Director: Volker Sattel | Germany 2011 | 98 min

An impressive documentary opera about the sleeping giants of our times: nuclear power stations. The accident in Japan earlier this year has put the debate about nuclear power on the public agenda again, and with renewed force. But in the German filmmaker Volker Sattel's look at the issue, we aren"t told what we should think. Instead, we are confronted without any further comments with the nuclear power stations and the people who patiently operate the giant control rooms where blinking control panels, incomprehensible machines and enormous reactors are humming with life.

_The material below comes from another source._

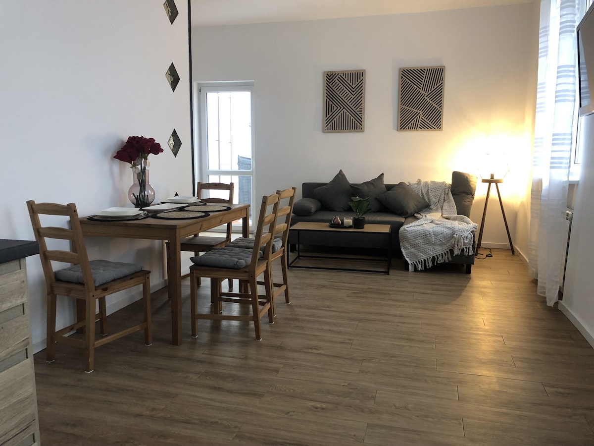 Goście mają do dyspozycji słoneczne mieszkanie na parterze w bloku mieszkalnym, z balkonem. W cichej okolicy z dużą ilością zieleni. ---- Den Gästen steht ein Sonniges Appartement im Erdgeschoss mit Balkon in einem Wohnblock zur Verfügung. In einer ruhigen, grünen Gegend. ---- Guests have at their disposal an sunny apartment on the ground floor in a block of flats, with a balcony. In a quiet, green area. Wir sprechen Deutsch ---- We speak Englisch

Sattel's camera pans silently and attentively around the rooms and continues far into the depths of the storage shafts. Monumental towers, geometrical figures and deserted ruins. The film is fascinatingly beautiful with its panorama images from the power stations, which are full of fascination and threats, tragedy and risk, all in equal measure. With a cool professionalism and enthusiastic expert knowledge, the employees show us around the deadly serious world of big toys, where security is the all-important leitmotif. There is a controlled calmness so close to the red alarm. The film is both frightening, comical and beautiful, and its fascinating choice of reality at times leans on both Jacques Tati and "Star Wars". But there is no reason to panic: everything is under control.
Unter Kontrolle (Germany, 2011, 98 min.)
Director: Volker Sattel. Script: Volker Sattel, Stefan Stefanescu. Camera: Volker Sattel. Sound: Nikolaus Woernle, Filipp Forberg. Edit: Stefan Krumbiegel, Volker Sattel. Producer: Susann Schimk, Joerg Trentmann. Production: credofilm GmbH.
English Version.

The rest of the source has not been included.